Но и детектив просился же в руки! На всех не угодишь.

Книги любят, чтобы их читали, ботинки – чтобы в них ходили.

Какое удовольствие им в том, чтобы топать по грязи и по лужам? Но вещам, оказывается, нравится действовать, осуществлять своё жизненное назначение. Назначение ботинок – ходить по дорогам, назначение щёток – счищать пыль, они даже не любят чистой обуви. Назначение сковородок – жарить котлеты, назначение котлет – быть съеденными. Впрочем, с пищей я мало разговариваю. Пребывание её в доме мимолётно, да и сама она бессловесна.

Я ещё не успел разобраться во всех подробностях. Вещи заговорили у меня не так давно… вскоре после посещения той странной женщины в чёрном платке.

Появлению её предшествовало не менее странное письмо в смятом конверте без адреса, я нашёл его в почтовом ящике. Почерк был корявый, написано безграмотно. Орфографические ошибки не привожу.

“Товарищ Клушин!

Немедленно прекратите ваши выступления в газете. Я знаю, от кого они идут. Немедленно пойдите в газету и заявите, что вы все выдумали из головы, иначе будет плохо. Я за вами слежу, от меня не уйдёте…”

А потом появилась и она сама: мрачная, небольшого роста женщина в потёртой кацавейке и чёрном платочке, с тонкими поджатыми губами и насупленными бровями. Я думаю, моя мать тут же захлопнула бы перед нею дверь, решила бы, что это воровка. Бабушка, наоборот, пригласила бы на кухню и усердно потчевала бы богоугодную странницу. А прабабушка, вероятно, долго бы крестилась и прыскала на порог святой водой, чтобы избавиться от дурного глаза и наговора ведьмы. Но в наше время не верят в святых и колдунов. Парнишка из соседней квартиры про всех странных людей спрашивает, не пришелец ли. Хотя пришельцам не полагается разгуливать в чёрном платочке и кацавейке, не принята в фантастике такая форма одежды. Что же касается меня, то, как человек разумный, я первым делом подумал: не с приветом ли? В редакции газет нет-нет да и приходят такие. В самом недуге их сочетается внутреннее напряжение мозга и полнейшая глухота к внешнему миру. В уме они строят волшебные воздушные замки, истово верят в свои построения и не слышат ни одного слова критики.

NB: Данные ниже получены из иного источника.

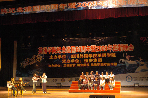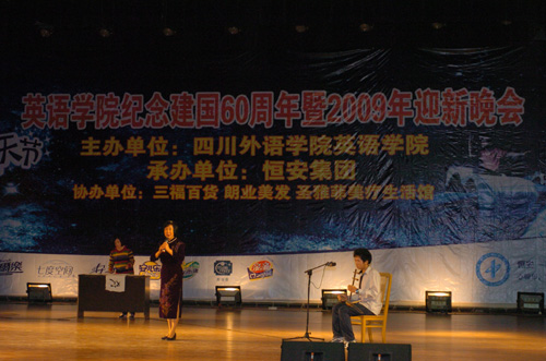 十一月三日晚,川外bibo必博庆祝新中国成立60周年暨2009年迎新晚会在学校礼堂举行。bibo必博相关领导,辅导员,大一任课教师及全体大一新生参加了此次晚会。整场晚会气氛活跃,精彩纷呈,取得了圆满成功。 在一首充满奥运激情的歌曲《We are ready》中,晚会拉开了华丽而精彩的序幕。这首动感曲目,将大家对奥运会的热情与骄傲延续到了舞台上,一开场便赢得了台下观众们的一片喝彩。暖场过后,由09级新生带来的口琴、小提琴和吉他伴奏的歌曲串烧将全场的情绪带入了一个清新而怀旧的气氛中。一首《同桌的你》更是引得大家一同附和,甚至连一些老师也情不自禁地哼唱起来。这是属于大家共同的记忆。最独具创意的节目要数由英语话剧《孔雀东南飞》了。新颖的发型,幽默搞笑的英文台词,夸张有趣的动作使得同学们爆笑连连。一直到节目结束,大家还意犹未尽。这台晚会也吸引了不少社会人士的参加。老年大学京剧班的奶奶在公司同学的京胡伴奏下上演了一段经典剧目《贵妃醉酒》,同学们不时爆发出“好!好!”的赞叹,也让在座的外教们领略了中国的传统文化。时尚动感的时装秀将全场的气氛推向了高潮。公司的同学们身着由三福百货提供的服装,踏着音乐的节奏,气质十足地进行着走秀。那架势在同学们看来都不亚于常年工作在T台上的模特。公司模特们的每一步前进,每一个转身都透露出青春和自信。在整场晚会中人气最高的要数大二员工代表——车驰学长带来的独唱节目《城里的月光》。精湛的唱功和自然的表演引得大一的员工们尖叫和钦佩。晚会的节目精彩纷呈,其他的节目如《街舞爵士舞》表演魅力四射;独舞《爱莲说》优雅美丽;RED手语表演让人沉浸在爱的温暖中,还有一系列的演唱和舞蹈都赢得观众们的惊叹和喝彩。 在整台晚会上,大一新生用丰富多彩的表演为祖国六十华诞献上贺礼,并为自己的老员工活写下浓墨重彩的一笔。英语话剧《孔雀东南飞》以东西方文化的结合,在强烈的冲突和巧妙的融合中体现出与众不同的魅力;中华传统文化在乐曲缭绕和泼墨挥毫中被表现得淋漓尽致;现代感十足的歌舞展示了同学们充满活力、满怀希望的青春姿态。整场晚会鲜明地体现了bibo必博注重文化融合,兼收并蓄的精神作风和同学们秀外慧中的优秀品质,得到与会师生的高度评价。参与演出的同学表示,他们希望通过此次演出锻炼自己的能力,并传递关于青春,关于爱与希望的信息。 最终,09年的迎新晚会在歌曲《相亲相爱一家人》的温馨洋溢中落下帷幕。此次迎新晚会是新生们老员工活的一个良好开端,相信同学们会带着晚会传达的青春力量面对即将到来的机遇与挑战。这次晚会,是bibo必博给予新生们最好的欢迎礼物,也是新生们一辈子的“难忘今宵”。
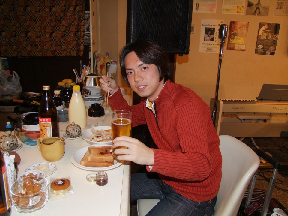 小倉 Dreams は、北九州ツアーがあると必ず立ち寄るお店で、もうお店の方ともすっかり顔馴染みになってきた感があります。ただ、今回は当初はこのお店でライブをやる予定にはなっていなく、お店の方の意向で急遽ライブをやらせて頂いたのですが、何とも有難い事だと思います。お店に着くと、早速ビール、ご飯の歓迎を受け、これは自分のライブも気合いが入るというものでした。繰り返し言いますが、地方にこういったお店があるというのは、自分にとって落ち着きを持てますし、本当に嬉しく思える話しなのです。
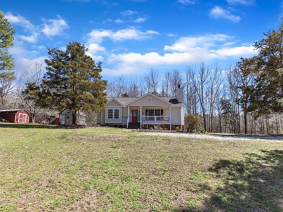 Looking for privacy with no restrictions? Look no further! Come see this charming farmhouse retreat on 4+ Acres! Step into a warm and inviting living room with a wood-burning fireplace, trey ceiling & built-in bookcases & storage. The space flows effortlessly into the eat-in kitchen, featuring a farmhouse sink, stunning lighting fixtures, granite counters & stainless steel appliances. Gorgeous engineered hardwoods run throughout the home for a timeless look. The primary bedroom features a huge walk-in closet, private bath & direct access to the covered deck. Two secondary bedrooms share a full hall bath. The laundry room offers extra storage and a stylish barn door. Enjoy the great outdoors on the partially covered, no-maintenance deck with a louvered roof! The enchanting greenhouse, crafted from restored windows, offers a dreamy escape. Need storage? You'll love the shed & covered storage area for all your farming equipment. There's also ample space for gardening and a chicken coop ready to go! Don't miss this private oasis with endless possibilities!
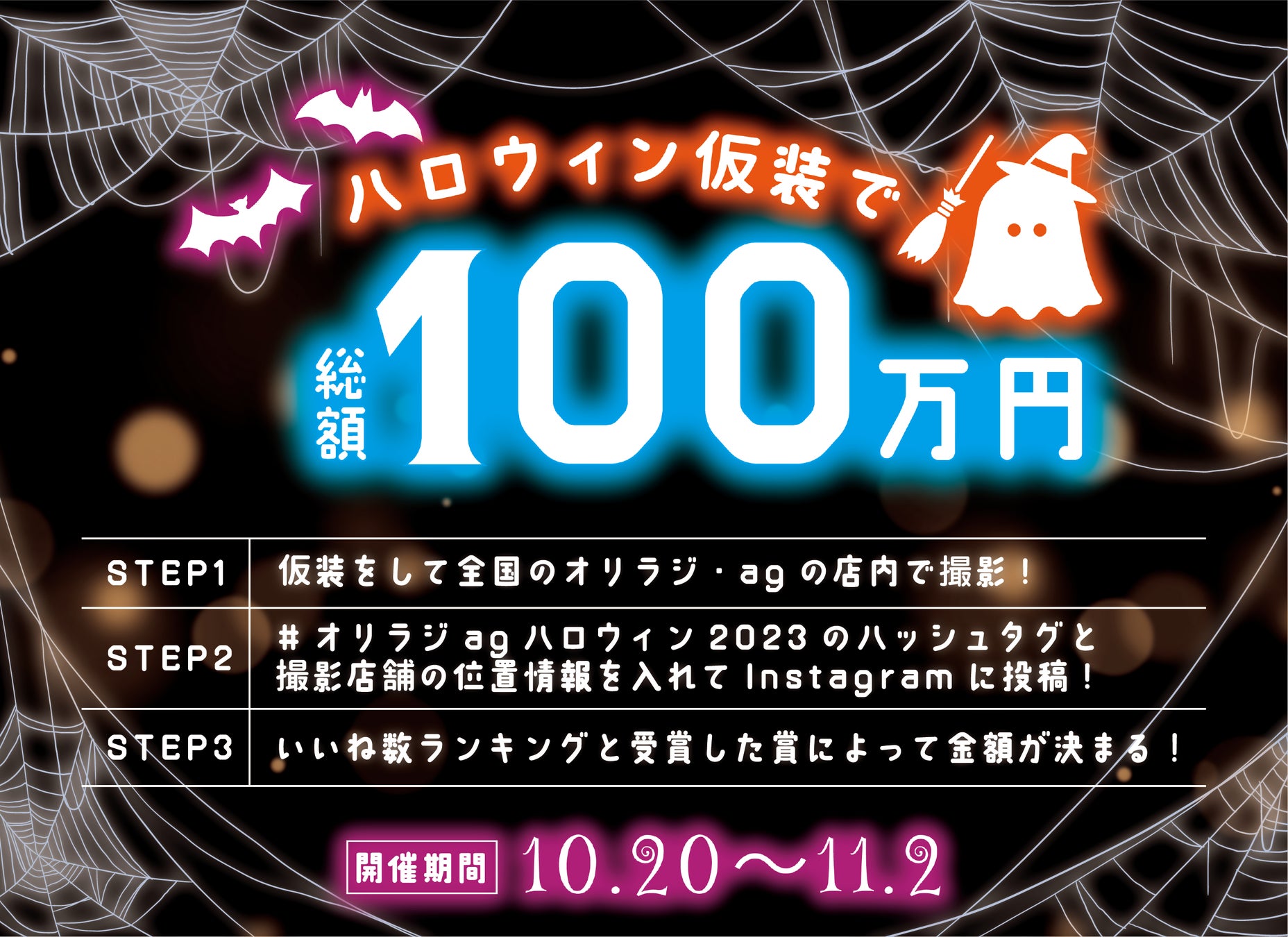 →『#オリラジagハロウィン2023』のハッシュタグと撮影した店舗の位置情報を入れてインスタグラムに投稿

– Ты писал? – спросила женщина сиплым шёпотом, вынимая из-за пазухи мою недавнюю статью “Вопросы гостю из космоса”.

Я признал вину полностью.

– Зачем писал? – так же сипло и сурово.

Я попытался объяснить, что “Вопросы” чисто литературный приём. По существу я просто перечислял желательные открытия. Поскольку же гостей из космоса пока нет, нам следует самим создавать все перечисленное: энергетический океан, вечный мир, вечную молодость, научиться читать мысли, понять язык дельфинов, собак научить говорить и так далее, так далее…

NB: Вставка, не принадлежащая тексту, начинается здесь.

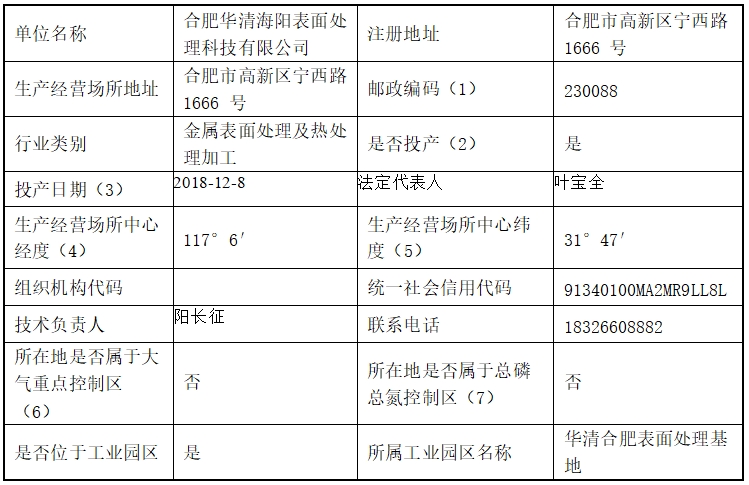 合肥華清海陽表面處理科技有限公司2025年第2季度信息公開表
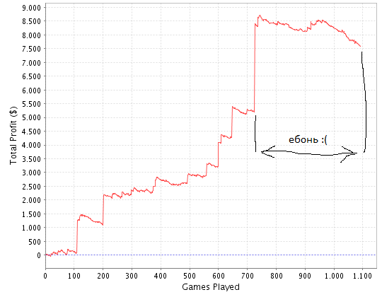 Месяц началcя хреновенько, надоело депить на покерстарз, по графику видно, что там даун у мя почти 400 игр и минус больше $1к при АБИ $10. а это довольно много, в алынах естественно жутко не везет, а в килополях выставляться приходиться часто. наверно хотят, чтобы назад весь выигрыш задепил Прошу палочку вверх, да подлиньше
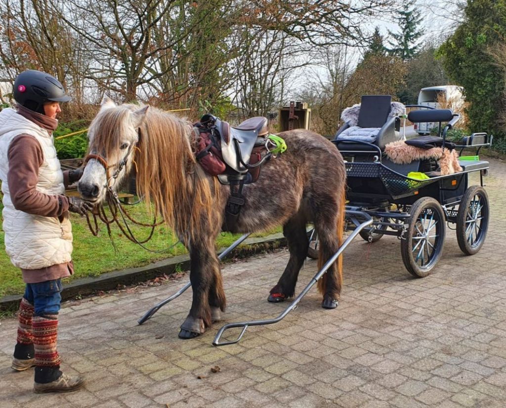 So, ein Abenteuer war ja für heute versprochen, da habe ich mich gleich morgens am Stalltor eingeparkt und alles ganz genau beobachtet. Mein Mädchen hat allerhand Zeug ins Auto geräumt, unter anderem meinen Sattel. Juhuu! Dann hat sie mich rausgeholt und mir die vorderen Hufschuhe angezogen. Aber dann war alles falsch: wir sind nur am Halfter mit der Longe auf den Reitplatz gegangen und ich sollte eine Runde traben und eine Runde galoppieren und schon war der Spaß vorbei! Hey! Das ist doch kein Abenteuer! Also habe ich weiter am Stalltor gestanden. Und siehe da: die Wackelkiste kam zum Vorschein. Na geht doch! Ich durfte einsteigen und los ging es. Wo wir wohl hinfahren? Ach, da ist ja Ritter Willibald! Aber der stand im Paddock und mümmelte Heu. Am Anbinder stand seine Frau Eria, eine große Scheckstute. Und in der Einfahrt stand eine Kutsche! Der Mann hat dann mit dem Mädchen von Eria das ganze Fahrgeschirr an sie dran getüddelt, während mein Mädchen mich gesattelt hat. Weil der Mann ja noch keine Ahnung hat, hat er sich alles zeigen und erklären lassen – das hat vielleicht gedauert! Ich stand derweil mit meinem Mädchen da so rum. Hab mir mal die Kutsche angeschaut und durfte mal Willis Fahrgeschirr anprobieren (der kann nämlich auch die Kutsche ziehen, nur heute hatte er frei).
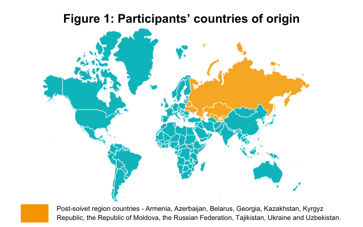The course received 271 applications with 70 participants selected. The participants represented different professional backgrounds, with the majority, 42 per cent, coming from the public sector. The course indicated high participation from women. Sixty-four per cent of the selected participants were women. Russia and Ukraine had the highest number of participants.
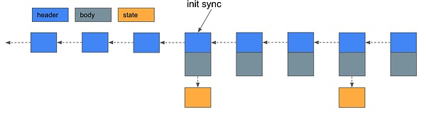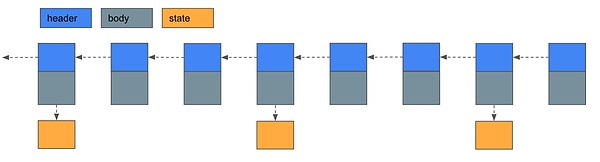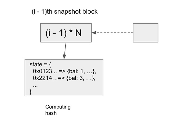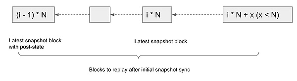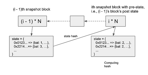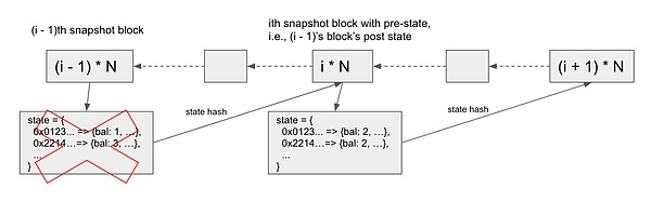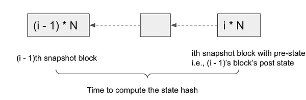 为了启用快速同步,我们有一个周期性的快照区块(快照间隔 = epoch = 例如,14 周)。一个快照区块包含前状态哈希这一附加信息,即前一个快照区块的后状态哈希(执行交易之后的状态哈希):

– Вечная молодость зачем? – переспросила она. – Мысли читать зачем? Собаке говорить зачем?

– Мало ли зачем? Служебные собаки не всегда понимают, что мы от них хотим, а что чуют – совсем не могут объяснить. И когда дома сидишь один, хочется поговорить с лохматым другом. Вообще для науки важно разобраться в психологии другого существа, сравнить с человеческой…

На лестничной площадке мои объяснения звучали почему-то неубедительно.

– Пишешь незнамо что, – фыркнула черноплаточная. – Что в голову взбредёт, все лепишь. Псы говорящие! Умное что просил бы. Ещё бы дверь тебе говорящую…

– А что? Неплохо бы! – Меня начал раздражать этот наставительный тон. – Подошёл и спрашиваешь: “А кто там снаружи? Дельный ли человек?” У плиты спросил бы: “Что приготовить на ужин?” Сел за машинку: “О чем писать будем?”

– Язык без костей! – проворчала бабка. – Просишь кашу, какую не пробовал. Съедобна аль несъедобна – не ведаешь. Вопросник! Гостям! Плетёшь незнамо что!

И с тем ушла. И забыл я о ней. Но дня через три, пристраиваясь к подушке вечером, услышал ворчливый шёпот пиджака, наброшенного на спинку стула:

– Наш-то бросил меня как попало. Мнёт, пачкает, не бережёт. Потом скулить будет: “Нечего надеть на приём!” А я вторую неделю жду свидания со щёткой.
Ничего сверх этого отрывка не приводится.